Sunday, November 9, 2008

Herds of Migrating Sailors are In the Army Now

Living in Sewage

Last night as you can well believe from yesterday's post gave us problems with anchor setting.

Try as we might the old CQR would not take hold and when Meredith revved up to 1500 in reverse we pulled free everytime. We were forced to resort to tough measures.

We carry a Fortress anchor with 15 feet of chain for just these little problems. Shackle the fortress to the head of the CQR, drop the Fortress over the bow followed by its chain, followed by the CQR and proper scope and voila: It could have blown 150 mph last night. We were not moving.
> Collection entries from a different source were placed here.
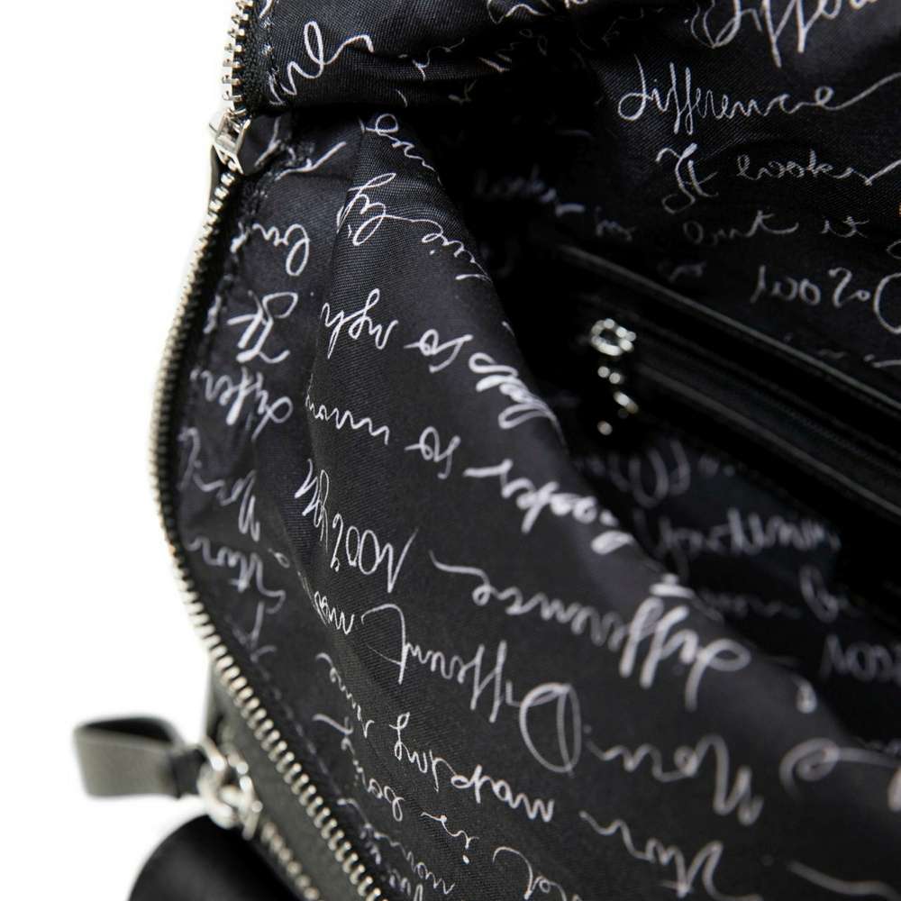 Větší dámský batoh v černé barvě od značky Desigual je velice praktický, a to díky několika různým kapsám z přední strany, které jistě oceníte.
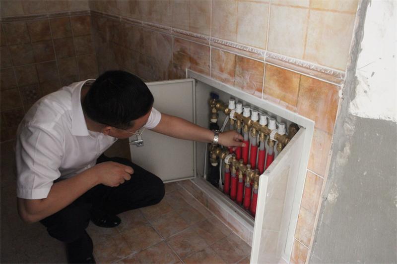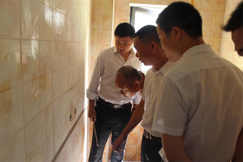 巡查成員正在仔細檢查衛(wèi)生間給水管施工情況
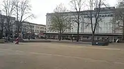 In 1969 and 1974, during a large redevelopment of central Gloucester, the square was redesigned and new shops were built on the east and south sides. Water fountains with stepping stones and paddling areas were created in the centre of the square.[3] Also at this time Kings Street was covered to become an indoor shopping centre called Kings Walk Shopping Centre. The north side of the square was redeveloped in 1984.[1] In 2006, The square was levelled and concreted, as the water fountains had fallen into disrepair. On 20 January 2014, The Golden Egg building, previously a restaurant built in the 1960s, was demolished.[4][5] At the same time, other minor improvements were also made including repainting and the addition of new benches. The square is now mainly used for markets.[6] The square is part of the Kings Quarter redevelopment project, however the plans are for Kings Square to remain as a public open space.[7]
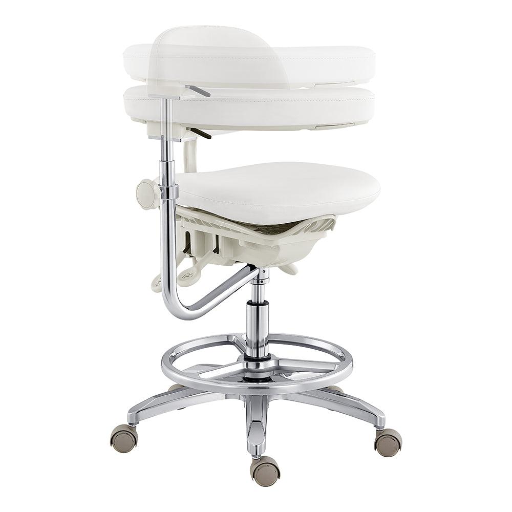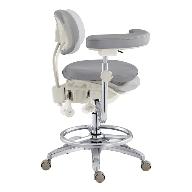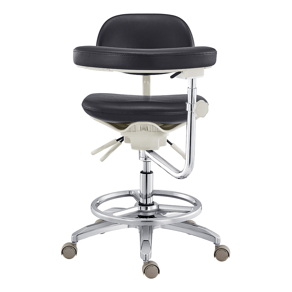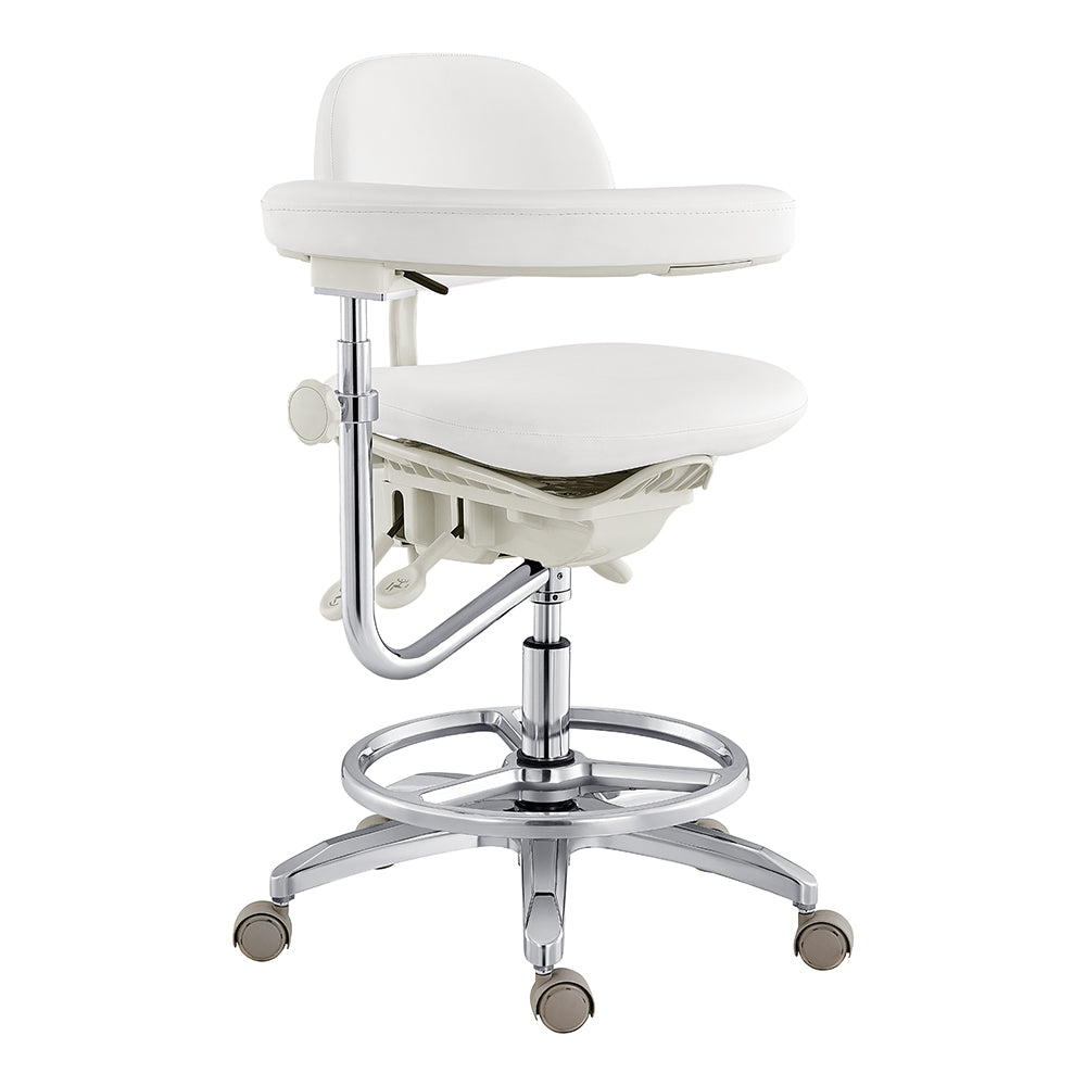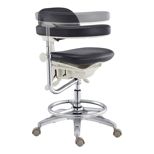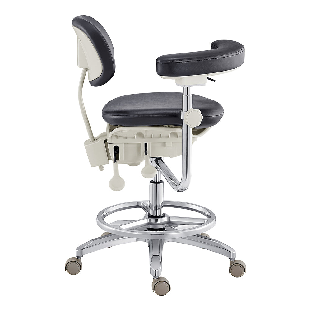 Den revolutionerende Willow-skønhedsskammel henter sine designelementer fra vores mest funktionelle skammelmodeller og inkorporerer betydelige forbedringer på alle områder. Denne moderne skammel har seks hjul fastgjort til en bred base for optimal stabilitet. Sædet har en bred vifte af fodbetjening, gasløft, højdejustering og trepunkts vægtstøtte. Pladsen under den højdensitets memory-skum giver ekstra komfort til længere siddestillinger og passer perfekt til enhver kropsform. Ud over at have højdejusteringsmuligheder er ryglænet også justerbart fremad. Skamlen suppleres af et højdejusterbart, roterende armlæn, der kan placeres i enten venstre eller højre side. Det giver lægen mulighed for at rotere på armlænet under behandlingen.

The removal of the fortress showed why the CQR was reluctant to set: the bottom consisted of a very fluid black paste comprised almost exclusively of raw and partly treated sewage. No kidding. Obviously the very expensive homes around the little bay could not afford monthly sewage charges so about 45 homes are dumping direct into a protected little body of former water. Things were probably manageable until the condo went up this year adding 40 of the 45 homes.
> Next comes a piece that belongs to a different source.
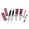 MonoRS Coilover damper kit by Godspeed Project are an intermediate suspension upgrade setup for daily and Sunday club racing. Lowering your car with improved springs over factory and paired with Monotube shocks with valving that allows 32 levels of rebound adjustment to improve handling without sacrifice comfort. Ride height can easily be adjusted by twisting the lower mount bracket. In order to keep weight gain at the minimum, most of attachments and accessories are CNC machined from billet aluminum. Koyo bearings are used when camber plate top mount is applicable depends on car models. To assure that our customers are getting high quality products, MonoRS coilovers are covered by 12 months limited warranty by the manufacturer from top to bottom just like other big brand name setups.
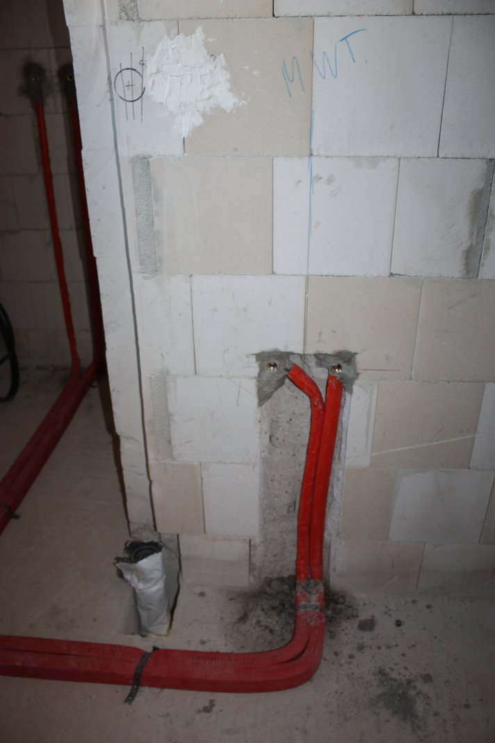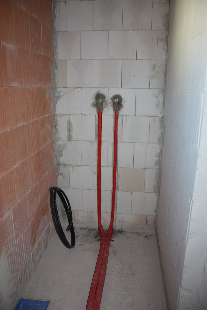 Heute ist die Firma Schmalz durch Addy und Thorsten vertreten, und es geht schwer voran, im Bad des Obergeschosses werden die Duschanschlüsse gestemmt und verlegt, ebenso die Anschlüsse für Badewanne und Waschbecken.

The Budget Committee washed the deck with bleach solution.

In the Army

Running Bogue Sound, which is really Onslow Bay but is separated from its parent by a small strand of land, takes you to Camp Lejeune. Camp Lejeune is a military site used for live fire training exercises and gunnery. The sign pictured above warns you quite simply that if you enter the camp when the lights are flashing you will blown up.

Traversing the camp can be interesting. There are remnants of bombed out vehicles such as these pictured all along the Camp waterway. Here is a missile launcher and some formerly turreted vehicle.

Is It Herd Instinct or Pioneer Spirit

Sailors pride themselves on their rugged iconoclasm. True individuals we. When we pulled into Mile Hammock Bay there was one boat at anchor. Thirty minutes later we had 9 boats anchored or positioning. And it was only 12:30 p.m. The video confirms and, yes, that is another Cabo Rico anchored just behind us.

There may be more to this herd thing than one is prepared to admit. At least we were first in. If it is a pack animal I am then best to be lead dog.

This actually arises from one problem with this section of the ICW: anchorages are inconveniently spaced. In a sailboat you are limited to about 40 miles of travel per day as the anchorages are 40 miles apart. We find 80 miles brings us into an anchorage after dark (daylight starts at 6:30 a.m. and ends at 5:00 p.m.)